--- Data for this exercise Enclosed Below ---

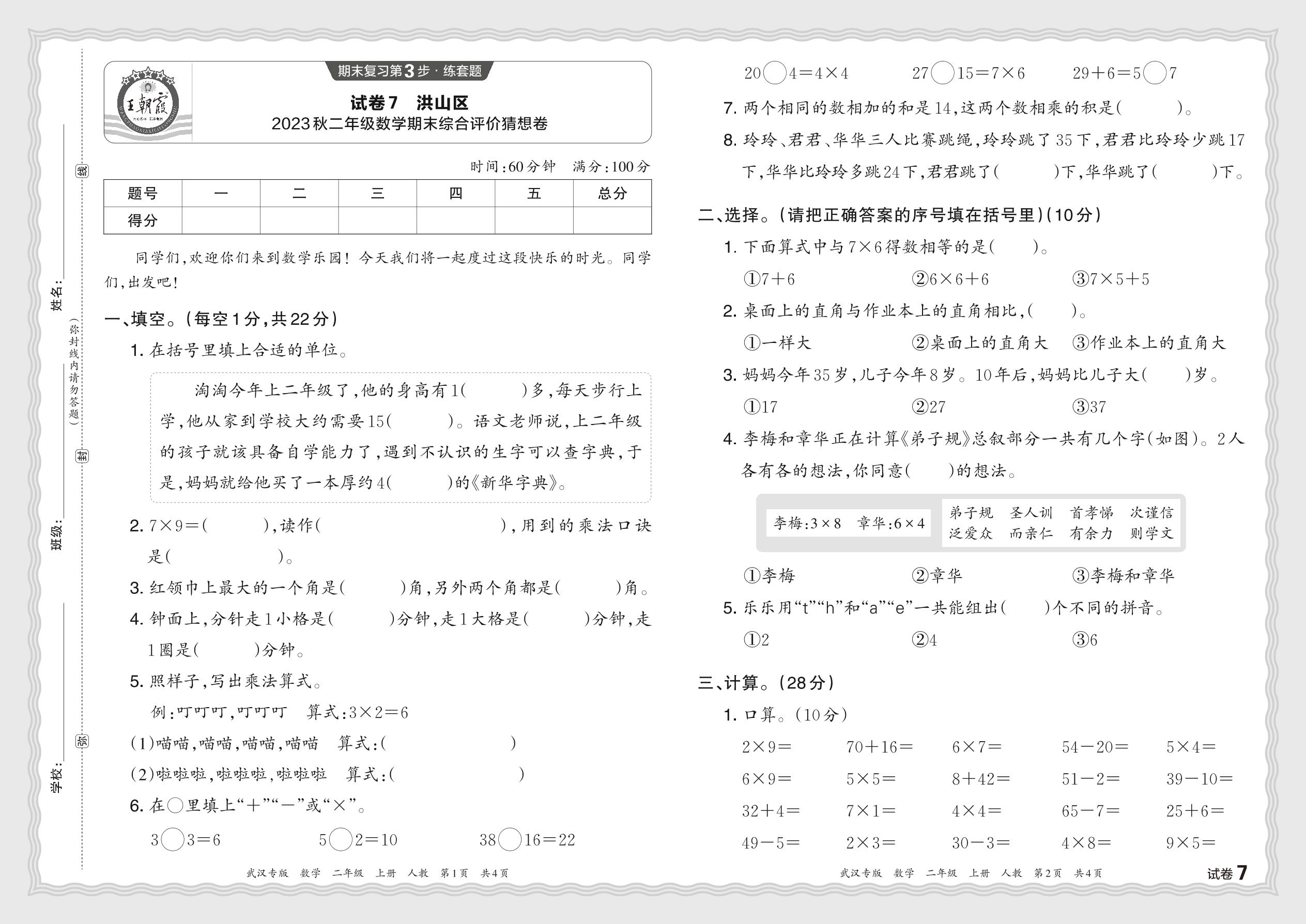 湖北省武汉市洪山区2023秋二年级数学期末综合评价猜想卷(人教版)【7】
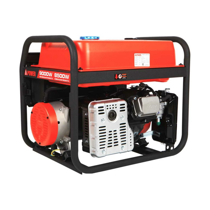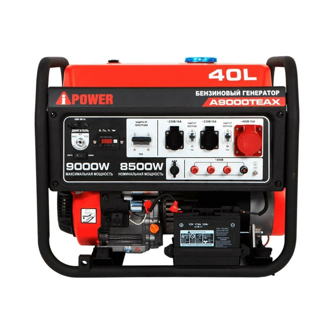 A-iPower A9000TEAX оснащен компактным гильзованным 4-тактный OHV-двигателем объемом 459 куб. см с электрическим стартером. На панели управления находится две стандартные розетки 230В/16А, одна силовая розетка 400В/16А, и разъем USB, от которого можно подзарядить смартфон, планшет и другие гаджеты. На цифровой дисплей в режиме реального времени выводятся сведения о работе генератора. Генератор имеет выход для подключения АВР, с возможностью организации источника резервного питания для загородного дома, магазина или кафе.
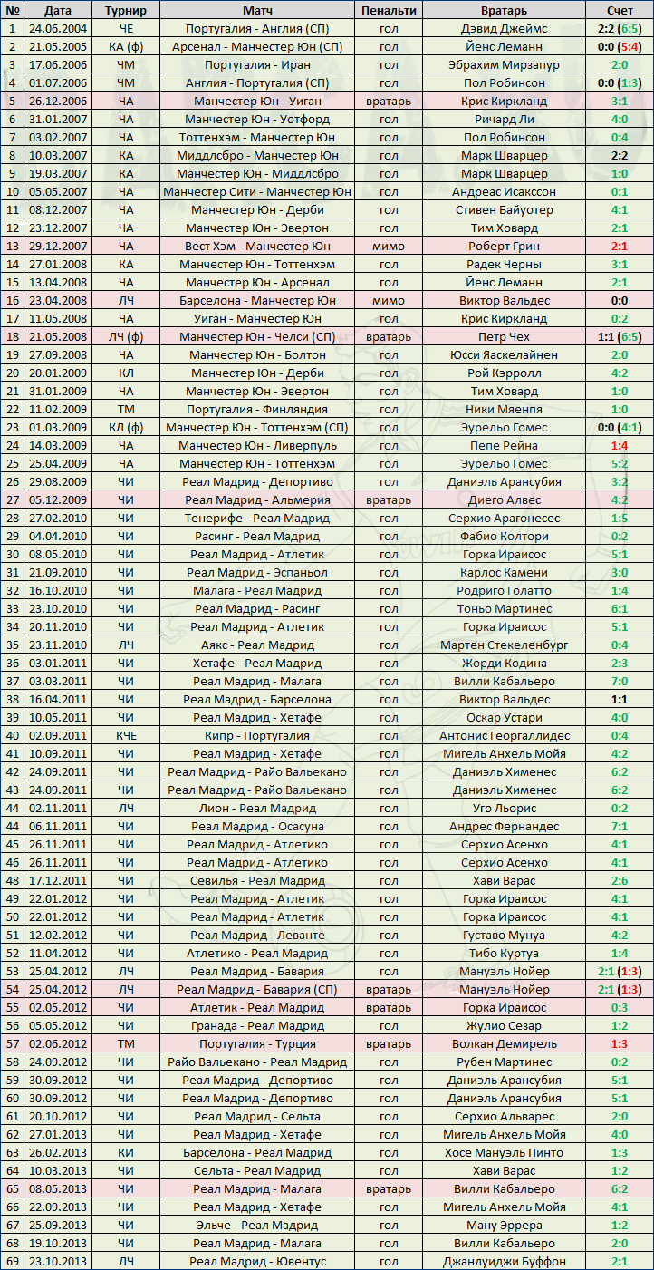 Только двум вратарям удалось не пропустить с пенальти от обоих футболистов. Первым стал Диего Алвеш, который сначала в 2009 году отбил удар Роналду в составе "Альмерии", а в 2012 — удар Месси, будучи игроком "Валенсии". Голкипер "Челси" Петр Чех также сумел отразить удар Роналду, а с ударом Месси ему на помощь пришла перекладина.
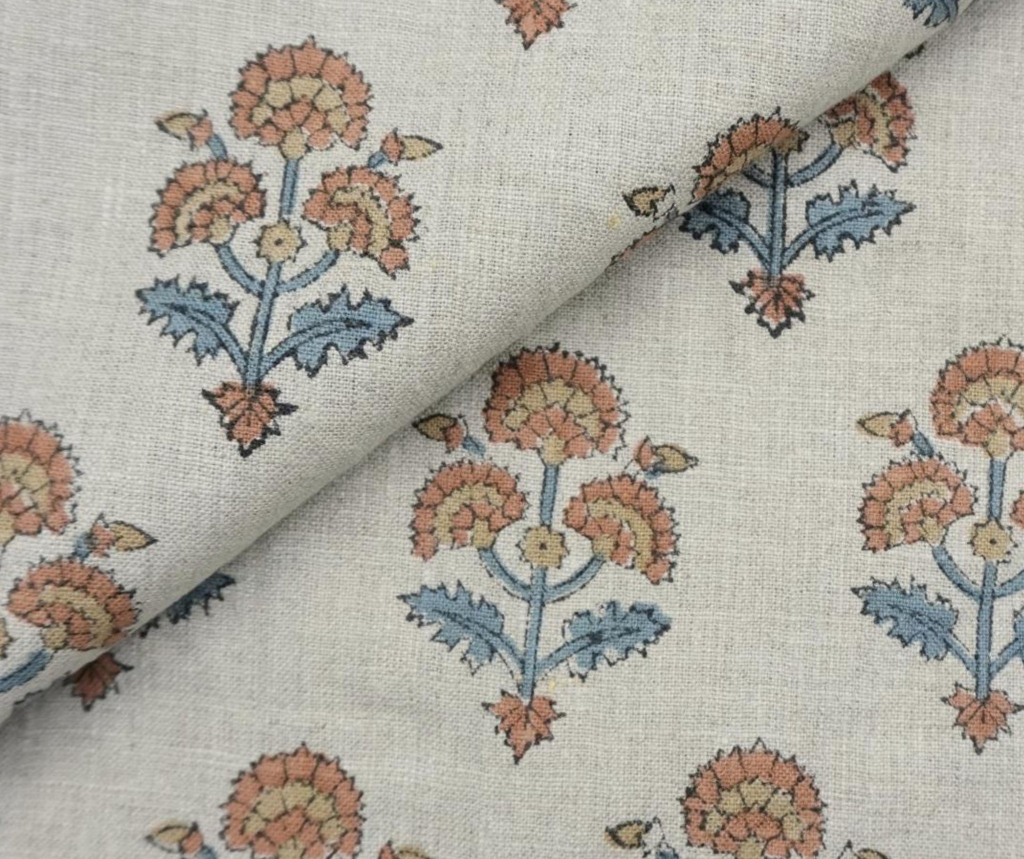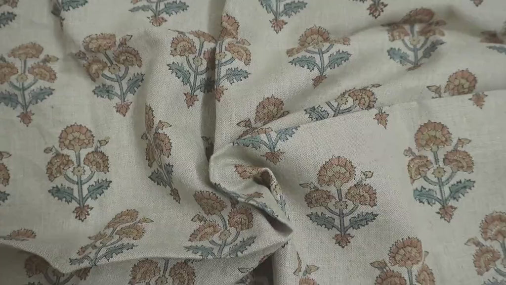 Bring a touch of artisanal elegance to your home with the TRAFFIC LIGHT Handcrafted Pure Linen Fabric. Featuring delicate brown and blue floral motifs, this fabric is hand block printed by skilled Indian artisans using traditional wooden block techniques. Made from 100% pure linen, it offers a soft, breathable, and durable texture, making it perfect for pillow covers, couch cushions, table decor and other decorative home projects.
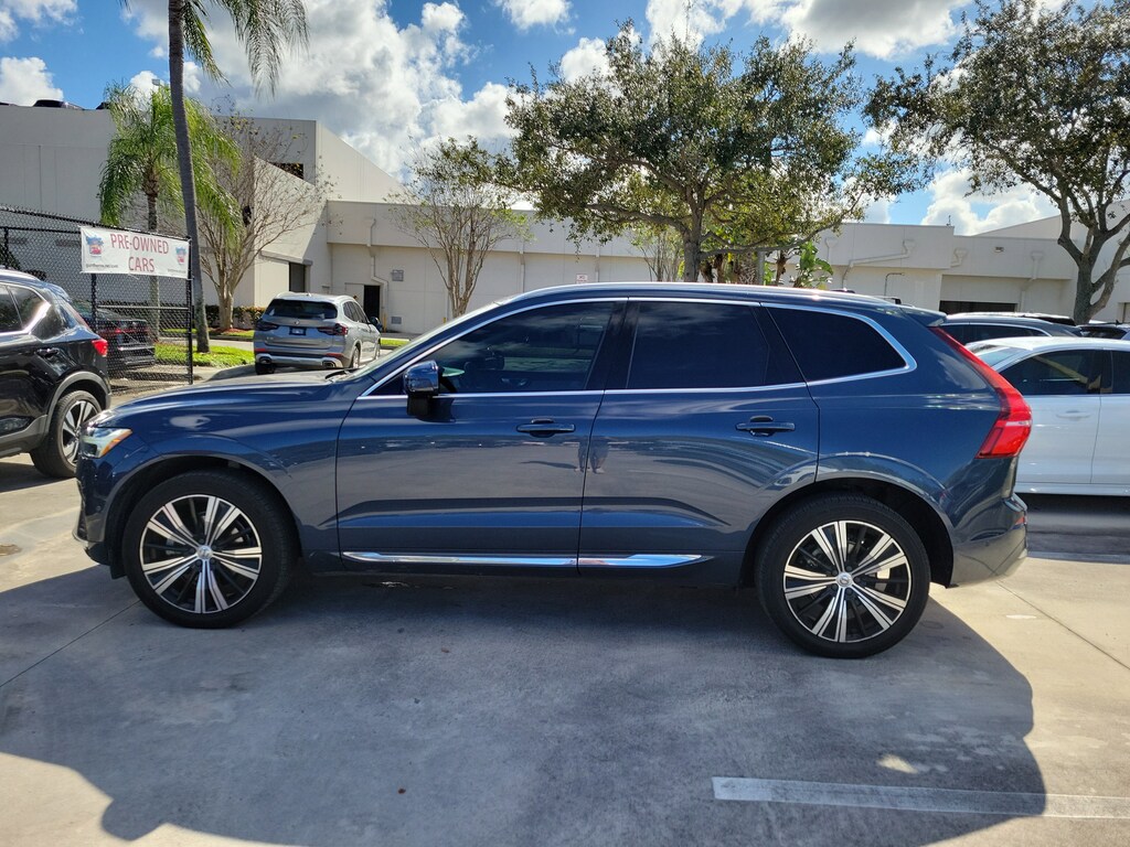CARFAX One-Owner. Denim Blue Metallic 2023 Volvo XC60 B5 Ultimate Bright Theme 2.0L I4 Turbocharged Automatic with Geartronic FWD 14 Speakers, 4-Wheel Disc Brakes, ABS brakes, Air Conditioning, Alloy wheels, AM/FM radio: SiriusXM, Anti-whiplash front head restraints, Apple CarPlay, Auto High-beam Headlights, Auto-dimming door mirrors, Auto-dimming Rear-View mirror, Automatic temperature control, Brake assist, Bumpers: body-color, Delay-off headlights, Driver door bin, Driver vanity mirror, Dual front impact airbags, Dual front side impact airbags, Electronic Stability Control, Emergency communication system: Volvo Cars App w/4 Year Subscription, Exterior Parking Camera Rear, Four wheel independent suspension, Front anti-roll bar, Front Bucket Seats, Front Center Armrest, Front dual zone A/C, Front fog lights, Front reading lights, Fully automatic headlights, Garage door transmitter: HomeLink, Genuine wood console insert, Genuine wood dashboard insert, harman/kardon® Speakers, Heads-Up Display, Heated & Ventilated Front Bucket Seats, Heated door mirrors, Heated front seats, Illuminated entry, Knee airbag, Low tire pressure warning, Luggage Cover, Memory seat, Navigation system: Sensus Navigation, Occupant sensing airbag, Outside temperature display, Overhead airbag, Panic alarm, Passenger door bin, Passenger vanity mirror, Perforated Nappa Leather Upholstery, Power door mirrors, Power driver seat, Power moonroof, Power Operated Tailgate, Power passenger seat, Power steering, Power windows, Radio data system, Radio: harman/kardon Premium Audio System, Rain sensing wipers, Rear air conditioning, Rear anti-roll bar, Rear dual zone A/C, Rear fog lights, Rear reading lights, Rear seat center armrest, Rear window defroster, Rear window wiper, Remote keyless entry, Security system, Speed control, Split folding rear seat, Spoiler, Steering wheel mounted audio controls, Tachometer, Telescoping steering wheel, Tilt steering wheel, Traction control, Trip computer, Turn signal indicator mirrors, Variably intermittent wipers, Ventilated front seats, and Wheels: 20" 5-Multi Spoke Black Diamond Cut Alloy.
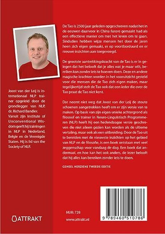 Dat neemt niet weg dat Joost van der Leij de stoute schoenen aangetrokken heeft om er zijn versie van te maken. Op basis van zijn eigen unieke achtergrond als filosoof en trainer in Neuro-Linguïstisch Programmeren (NLP) heeft hij een hedendaagse versie geschreven die niet alleen gezien kan worden als de ultieme vertaling, maar ook als een uitbreiding. Door de Tao uit te bereiden met de nieuwste inzichten op het gebied van NLP en de filosofie, is een boek ontstaan met veel zeggenschap voor vandaag de dag. Een boek dat andermaal, en hoe kan het ook anders, de lezer belooft dat hij alles kan bereiken zonder iets te doen.
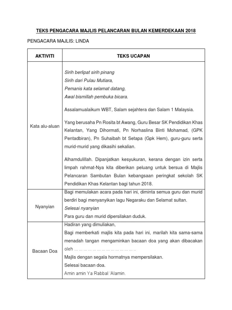 Pengacara Majlis Contoh Ucapan Ringkas / Contoh Teks Ucapan Pengacara Majlis Sempena Hari Guru. Teks pengerusi majlis masa perkara 8.00 pm. Saya mewakili warga kerja, ingin mengucapkan ucapan rasa syukur dan terima kasih kepadasemua pihak yang terlibat . Salam sejahtera dan salam negaraku malaysia. Sidang hadirin sekalian, majlis pada pagi ini diteruskan dengan ucapan wakil pelajar, untuk itu dipersilakan. Contoh teks ucapan ringkas pengacara majlis. Page 1 6.15pm mc tak perlu majlis merakamkan ucapan terima kasih kepada kumpulan ucap j&c artist production diatas tarian pembukaan yang penuh bertenaga dan .
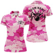 Women's Custom Blue Pink Camo Bowling Team Shirts I6703
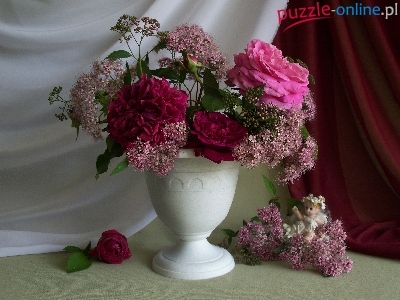 Puzzle Bukiet, Biały, Wazon, Kwiatów
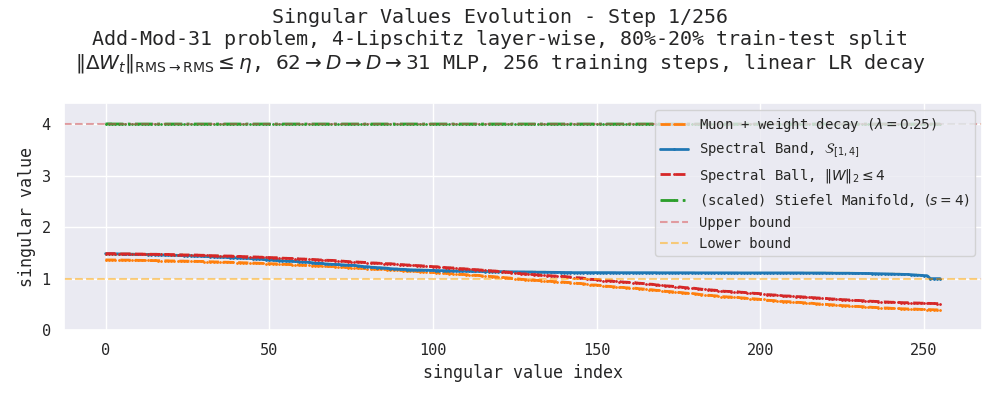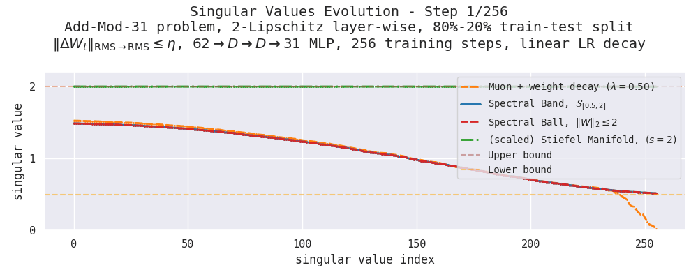 In the Figures above, we plot the evolution of the singular values of the weights during training with our Muon + decoupled weight decay baseline and our new optimizers. We also highlight the line corresponding to the optimizer whenever the model groks the problem (that is, once it reaches $\geq 95\%$ test accuracy). As we can see, Muon with decoupled weight decay indeed keeps the singular values bounded above by $\frac{1}{\lambda}$ throughout training, and our Steepest Descent optimizers keeps the singular values within the bounds imposed by their respective geometries.

--- End of Enclosed Data for this exercise ---

[Work to be completed]: What you return must match the lines from the top of the data through the line with "Bring a touch" exactly, with the pictures removed.

[Solution to the exercise]:
 湖北省武汉市洪山区2023秋二年级数学期末综合评价猜想卷(人教版)【7】
 A-iPower A9000TEAX оснащен компактным гильзованным 4-тактный OHV-двигателем объемом 459 куб. см с электрическим стартером. На панели управления находится две стандартные розетки 230В/16А, одна силовая розетка 400В/16А, и разъем USB, от которого можно подзарядить смартфон, планшет и другие гаджеты. На цифровой дисплей в режиме реального времени выводятся сведения о работе генератора. Генератор имеет выход для подключения АВР, с возможностью организации источника резервного питания для загородного дома, магазина или кафе.
 Только двум вратарям удалось не пропустить с пенальти от обоих футболистов. Первым стал Диего Алвеш, который сначала в 2009 году отбил удар Роналду в составе "Альмерии", а в 2012 — удар Месси, будучи игроком "Валенсии". Голкипер "Челси" Петр Чех также сумел отразить удар Роналду, а с ударом Месси ему на помощь пришла перекладина.
 Bring a touch of artisanal elegance to your home with the TRAFFIC LIGHT Handcrafted Pure Linen Fabric. Featuring delicate brown and blue floral motifs, this fabric is hand block printed by skilled Indian artisans using traditional wooden block techniques. Made from 100% pure linen, it offers a soft, breathable, and durable texture, making it perfect for pillow covers, couch cushions, table decor and other decorative home projects.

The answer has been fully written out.